Many of the women who say they can't breastfeed know they really didn't try hard enough. That's why the topic is so difficult for them.


----------



## Claire and Boys (Mar 27, 2007)

My sister tried to tell me when I was pregnant with my first that I would not be able to breastfeed as my mum switched with me at 9 weeks due to poor weight gain and grandma apparently had no milk at all.

However I have had no problems. Recently my mum found the growth chart from when I was born and actually my weight gain was fine - half a pound a week, but there was one week which was less, maybe 3 or 4 oz that week and rather than having her wait and see what happened the next week before freaking out they got her to switch to formula right away. The other reason she thought she had low supply was because I used to cry a lot in the evenings. Rather than nursing me she would bounce me around for hours as she thought babies should only be fed every 3 hours (And tried to tell me this with my own children, which I didn't listen to) When I explained cluster feeding to her she was surprised and wished someone had told her that when I was a baby.

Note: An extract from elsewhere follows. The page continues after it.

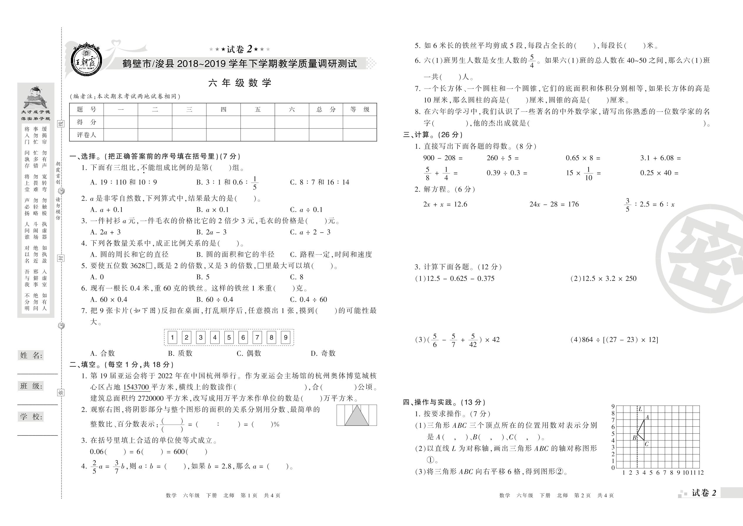 2018-2019学年第二学期鹤壁市、浚县六年级数学试卷(北师版)【2】
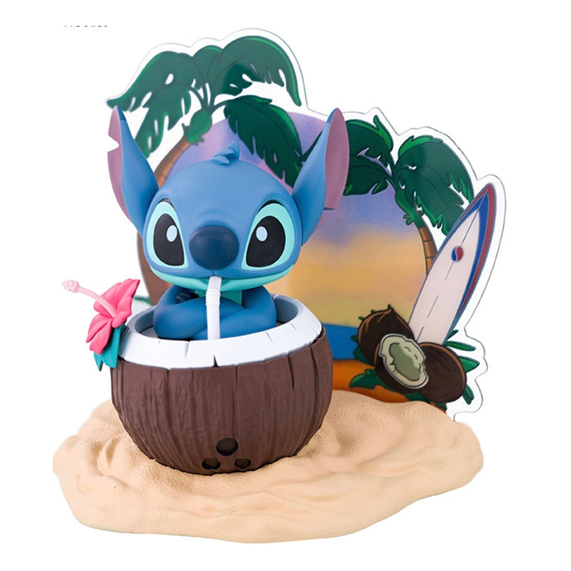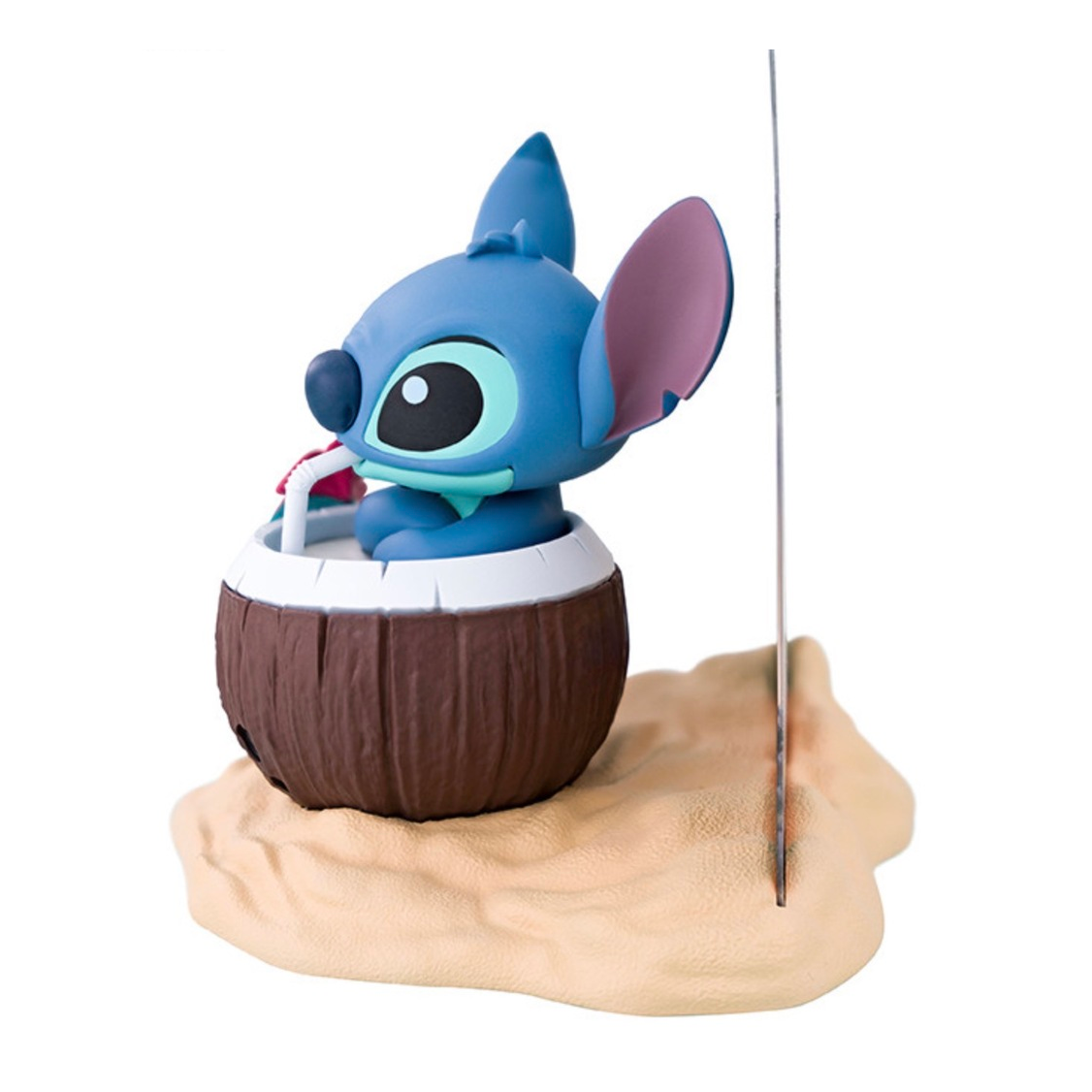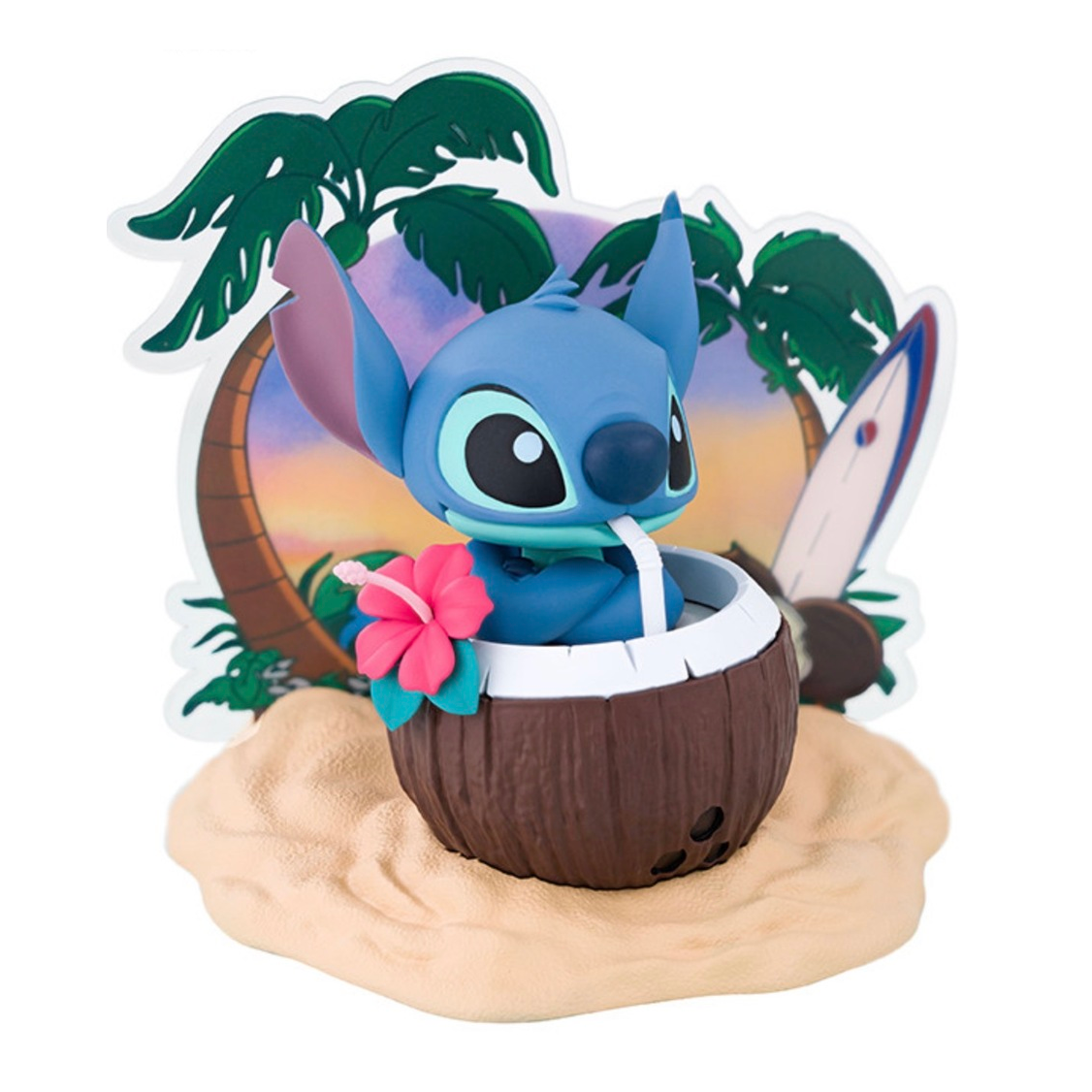 This irresistibly cute figure features Stitch lounging inside a coconut, enjoying a beachside moment of fun. With his cheerful look and iconic ears, Disney’s mischievous alien shines in this summery version. From the textured shell to the vibrant beach colors, every detail brings warmth and whimsy to the scene. Stitch’s relaxed pose adds a playful, feel-good vibe that’s hard to resist. Ideal for brightening up a shelf or workspace, it’s a joyful piece for fans of all ages. A small tropical escape, full of charm and personality, ready to join your collection!

As for Grandma she was chronically ill most of her life and pretty much constantly pregnant. I would not have been surprised if her health was as a factor in her milk supply problems.


----------



## ChetMC (Aug 27, 2005)

Quote:


Originally Posted by *smanore* 
In the past I would have agreed with previous posts, however, newer research seems to indicate that for some women there is a family component to low milk supply. I think it might be due to something that affects the hormone level that is passed on. Considering that diabetes can have a hereditary link, and this can affect supply (insulin resistance), it would explain the possibility. I've heard of families where moms have PCOS, and so do other family members. This can often affect supply as well. I've really been looking into these family links and find it all fascinating. Frustrating, but fascinating.
With all that said though, many, many people think they don't have enough milk, and instead, they just didn't have the support, or help needed to keep nursing.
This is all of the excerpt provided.